Rules for writing half-equations
- Write the species being discharged on the LHS.
- Write the product on the RHS.
- Balance atoms.
- Add electrons to balance charge.
- Reduction (cathode): electrons on the LHS.
- Oxidation (anode): electrons on the RHS.
Cathode reactions (reduction)
- Pb²⁺ + 2e⁻ → Pb (molten PbBr₂)
- 2H⁺ + 2e⁻ → H₂ (aqueous, when metal more reactive than H)
- Cu²⁺ + 2e⁻ → Cu (aqueous CuSO₄)
- Al³⁺ + 3e⁻ → Al (molten Al₂O₃ in cryolite)
Anode reactions (oxidation)
- 2Br⁻ → Br₂ + 2e⁻ (molten PbBr₂)
- 2Cl⁻ → Cl₂ + 2e⁻ (NaCl(aq))
- 4OH⁻ → O₂ + 2H₂O + 4e⁻ (sulfate solutions; OH⁻ from water)

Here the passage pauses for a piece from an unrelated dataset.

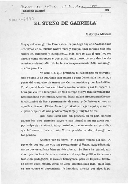 El sueño de Gabriela [artículo] Gabriela Mistral.
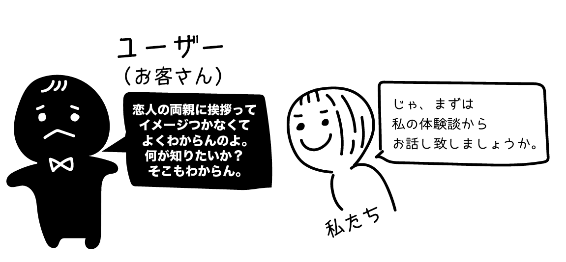 これらの情報をもとに、ユーザー像を統合すると、「すぐには結婚は考えていない。だけれど大好きな彼女と一緒に暮らしたい。そのために初めて彼女の両親に挨拶に行くアラサーの男性」のイメージがが浮き彫りになってきました。

- 2O²⁻ → O₂ + 4e⁻ (molten Al₂O₃)
Combining half-equations
To get the overall ionic equation, multiply each half-equation so electrons cancel, then add.
Example: NaCl(aq).
- Cathode: 2H⁺ + 2e⁻ → H₂
- Anode: 2Cl⁻ → Cl₂ + 2e⁻
Add: 2H⁺ + 2Cl⁻ → H₂ + Cl₂. The 2e⁻ on each side cancel.
✦Worked example— Example with different electron numbers
CuSO₄(aq) electrolysis with inert electrodes:
- Cathode: Cu²⁺ + 2e⁻ → Cu (×2 → 2Cu²⁺ + 4e⁻ → 2Cu)
- Anode: 4OH⁻ → O₂ + 2H₂O + 4e⁻
Add: 2Cu²⁺ + 4OH⁻ → 2Cu + O₂ + 2H₂O. (Sulfate is spectator.)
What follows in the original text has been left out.